The WTO ministerial meeting in June in Geneva did little to address the issue of public food stockpiling
Mains Paper 3: PDS, Buffer Stock & Food Security
Why should developing countries keep pushing for a permanent solution to the World Trade Organization’s decision on whether to allow public stockholding of food stocks for food security purposes? Discuss the current public stockholding provisions and their limitations. (150 Words)
WTO Public Stockholding Issue
- India’s PSH policy is based on purchasing food from farmers at an administered price (minimum support price, or MSP), which is usually higher than the market price.
- PSH’s dual objectives: The PSH policy aims to provide remunerative prices to farmers while also providing subsidised food to the underprivileged.
- Subsidy for trade distortion: Such price support-based procurement from farmers is considered a trade-distorting subsidy under WTO law, and if given in excess of the permissible limit, violates WTO law.
- India’s rightful goal in the World Trade Organization (WTO) has been to find a permanent solution to the issue of public stockholding (PSH) of food in order to protect India’s food security (PSH policy).

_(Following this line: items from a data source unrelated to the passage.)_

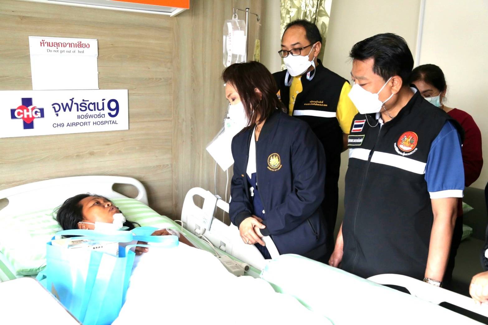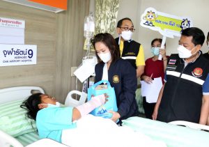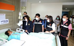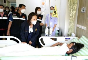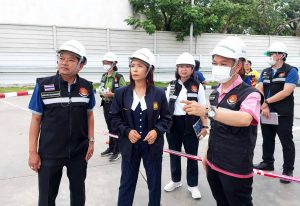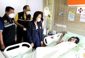 The Ministry of Labour’s Chief Inspector-General, Mrs. Sopa Kieatnircha, said that she visited the area with agencies under the Ministry of Labour, namely the Department of Labour Protection and Welfare, and the Social Security Office, to investigate the facts and provide assistance to the injured and deceased workers. Eight injured people were sent to Ladkrabang Hospital and five to Chularat Hospital. The two deceased were subcontractors. The Bangkok Labour Protection and Welfare Office, Area 10, and the Occupational Safety Center, Area 12, will invite the employers and related parties to meet on July 18, 2023, to verify whether the employers have complied with the Occupational Safety, Health, and Working Environment Act. B.E. 2554 and the ministerial regulations prescribing standards for management and action on occupational safety, health, and working environment about machines, cranes, boilers, B.E. 2564. After that, she visited the injured employees at Chularat 9 Hospital to build morale and encouragement.
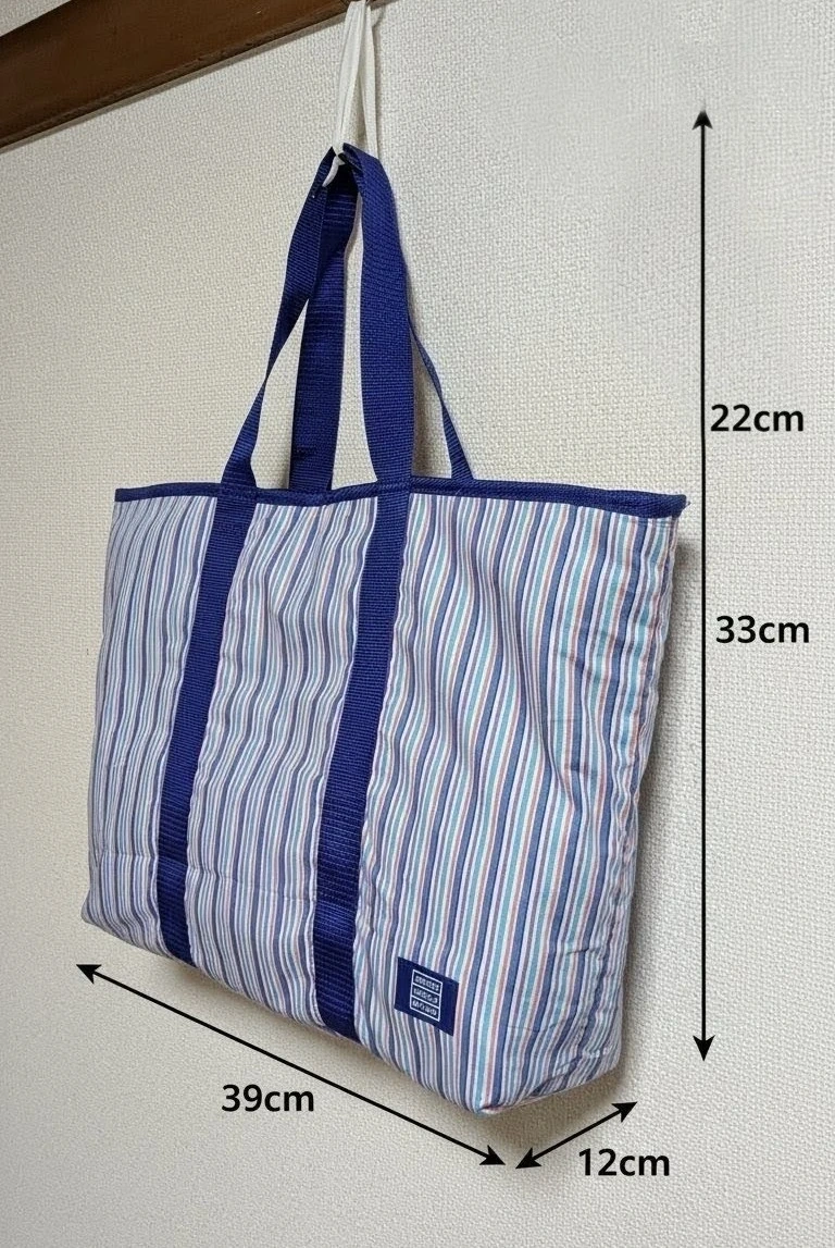 ユニフォームサーカスビームスのストライプ柄トートバッグです。 ・ストライプ柄 ・持ち手と縁は濃い青色 ・内側にブランドタグあり ・サイズはおおよそ縦33cm、横39cm、マチ12cm、持ち手22cm 中古品であることをご了承ください。 または以下の駅まで持っていくことも可能。 東伏見駅 保谷駅 田無駅 西武柳沢駅 武蔵関駅 三鷹駅 武蔵境駅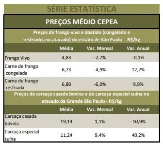 Apesar do recuo na média estadual, o frango inteiro congelado foi negociado no atacado da Grande São Paulo à média de R$ 6,65/kg em fevereiro, alta de 1,8% frente à de janeiro. Para o produto resfriado, na mesma comparação, a valorização foi de 0,8%, para a média de R$ 6,64/kg em fevereiro.

- Peace clause: India is currently enjoying temporary relief as a result of a “peace clause” that prohibits countries from bringing legal challenges against price support-based procurement for food security purposes.
- The WTO ministerial meeting in Geneva in June did little to address this issue.
- India’s concerns about the PSH issue have been taken into consideration.
Concerns in India
- For India, the real issue is not maintaining adequate food stocks, which WTO rules do not prohibit as long as food is stocked using non-trade distorting instruments such as farmer income support (cash transfers independent of crop production).
- Use of MSP: India is concerned that it should have the policy space to hold public food stocks using the MSP, which is a price support instrument; however, price support is not mentioned in the Geneva declaration.
- India’s demand for a permanent solution to the PSH policy has taken on new significance.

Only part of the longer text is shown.